With the protests in Syria still just getting underway in the south of the nation, the US is already eying regime change. Secretary of Defense Robert Gates cited Egypt as an example and called on Syria’s army to “empower a revolution.”
Which seems like a revisionist take on what actually happened in Egypt. The military refused (largely) to massacre Egyptian protesters, but it was the protesters themselves, in massive numbers, that ousted Hosni Mubarak. The protest movement in Syria, by contrast, is still in its infancy, and it is unclear if it will reach the sort of critical mass where the army will even be faced with an Egypt-style revolution.
But as with Egypt, the protests are growing, and it is the Syrian government’s crackdowns in the south that seem to be riling people up more than anything. Shooting protesters and attacking mosques is bringing a lot of new people into the streets, and adding to the long list of grievances.

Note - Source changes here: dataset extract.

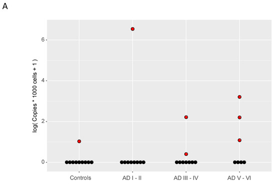 - Allnutt, M.A.; Johnson, K.; Bennett, D.A.; Connor, S.M.; Troncoso, J.C.; Pletnikova, O.; Albert, M.S.; Resnick, S.M.; Scholz, S.W.; De Jager, P.L.; et al. Human Herpesvirus 6 Detection in Alzheimer’s Disease Cases and Controls across Multiple Cohorts. Neuron 2020. [Google Scholar] [CrossRef] [PubMed]
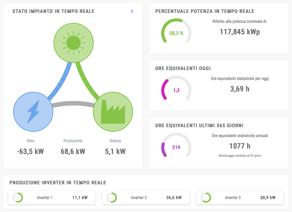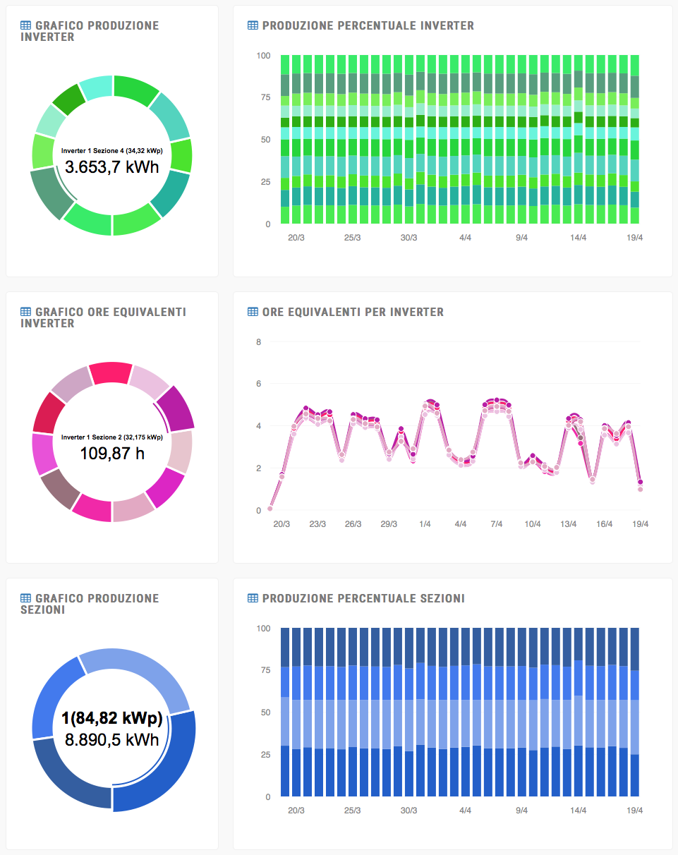 Grazie al suo sistema di sensori Smart Sun System è in grado di misurare la produzione di tutti gli inverter installati nell’impianto. Tutti questi dati vengono raccolti in modo da poter essere visualizzati dai clienti ed esaminati dagli algoritmi del sistema per rilevare evantuali anomalie di produzione.

The White House, for its part, is condemning Syria for “brutal repression.” The charge appears accurate from the accounts in the southern city of Daraa, but the White House claims ring hollow amid ambivalence over similar measures in Bahrain and Yemen, key US allies in the region. Indeed, the Syrian protesters will likely want to keep a safe distance from the US, as any whiff of an American imprimatur to their uprising will give officials more excuse to use violence.